Berlin: 120. Prozesstag | Schmuddelkinder in roten Roben und gemeine Kollegen
120. Prozesstag: Schmuddelkinder in roten Roben und gemeine Kollegen
Da muss der Vorsitzenden Richterin eine dicke Laus über die Leber gelaufen sein. Wie sonst ist ihr Ausfall zu Beginn der heutigen Hauptverhandlung zu erklären, als sie eine Verteidigerin anfuhr, sie habe mit ihrem letzten Beweisantrag den "falschen Eindruck erweckt", dass ihr Akten vorenthalten würden, obwohl sie diese Akten seit einem Jahr in ihrem Büro liegen habe. Dass dort lediglich unvollständige Ermittlungsakten liegen, der Antrag aber die auf die Übermittlung der vollständigen Akte abziele, insofern der Vorwurf direkt auf den Senat selbst zurückfalle, konterte die so Gescholtene gelassen. Der falsche Vorwurf, der allemal einen Befangenheitsantrag wert gewesen wäre, wurde also gelassen zurückgewiesen. Damit war das Thema aber nicht von Tisch. In weiteren Beweisanträgen, aber auch in einer Stellungnahme der Schmuddelkinder in roter Robe ging es immer wieder um die Zurückhaltung von Aktenbestandteilen und Ermittlungsergebnissen. Fündig wird die Verteidigung dabei immer wieder in den unlängst übersandten geschwärzten VS-Akten, die zahlreiche Hinweise auf Ermittlungen beinhalten, die dem Senat und der Verteidigung bislang vorenthalten wurden.

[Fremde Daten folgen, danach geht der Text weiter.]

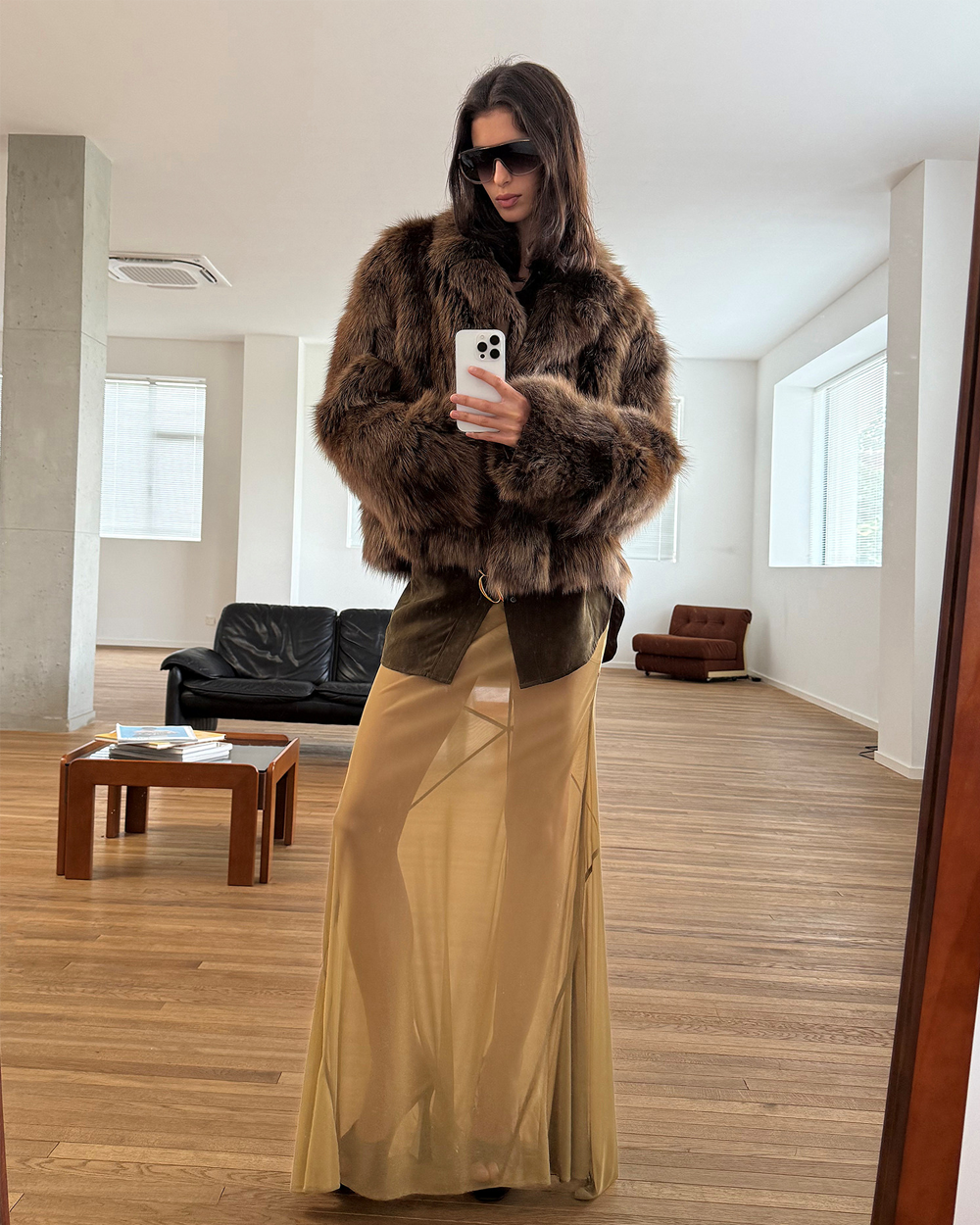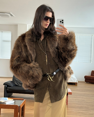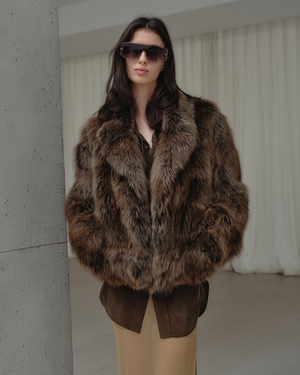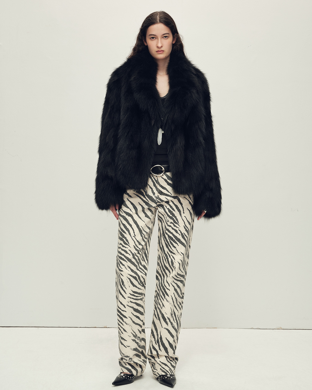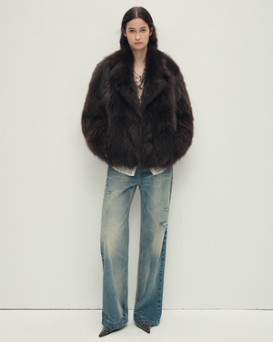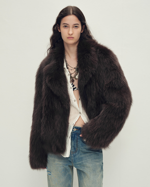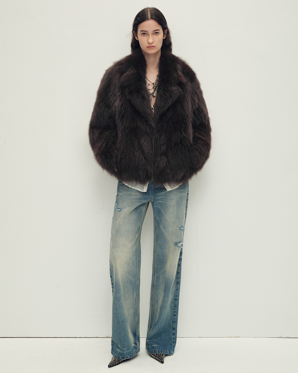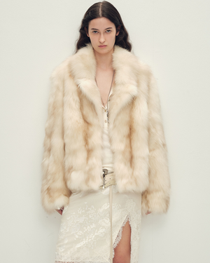 - Design Elements: SagaFurs fox fur with gradient dye effect, sculptural collar, cropped length

Diese VS-Akten dürften auch der Anlass gewesen sein, warum die Vorsitzende Richterin so ungehalten war. Hatten doch deren Kollegen vom Verwaltungsgericht Berlin mit einem Beschluss, der am Mittwoch bekannt geworden war, den Senat gehörig in Bredouille gebracht. Harald G. hatte vor dem Verwaltungsgericht auf die ungeschwärzter Herausgabe dieser VS-Akten geklagt. In ihrem Beschluss stellen die Verwaltungsrichter nun fest, dass diese Klage Aussicht auf Erfolg habe. Das Verwaltungsgericht lehnte es zwar ab, im Eilverfahren das Innenministerium zur Herausgabe der ungeschwärzten Vernehmungsprotokolle zu verpflichten. Vielmehr sei für eine Entscheidung in der Sache das Hauptsacheverfahren abzuwarten, so die Richter. Dabei habe Harald G. jedoch "Anspruch auf Aussetzung der Hauptverhandlung vor dem Strafgericht". Nun dauert so ein Verwaltungsgerichtsverfahren Jahre, das Strafverfahren kann aber längstens für 30 Tage unterbrochen werden. Wird das Verfahren ausgesetzt, ist der Prozess also geplatzt. Was tun? Rechtsanwältin Studzinsky forderte jedenfalls das Kammergericht auf, von sich aus das Verfahren auszusetzen. Und kündigte vorsorglich bereits jetzt an, am nächsten Verhandlungstag entsprechende Aussetzungsanträge zu stellen, falls der Senat bis dahin nicht gehandelt habe.
Wie sich der Senat entscheidet, kann frühestens am nächsten Freitag, 28.3., erfahren werden. Der Verhandlungstag am 27.3. wurde nämlich schon wieder aufgehoben.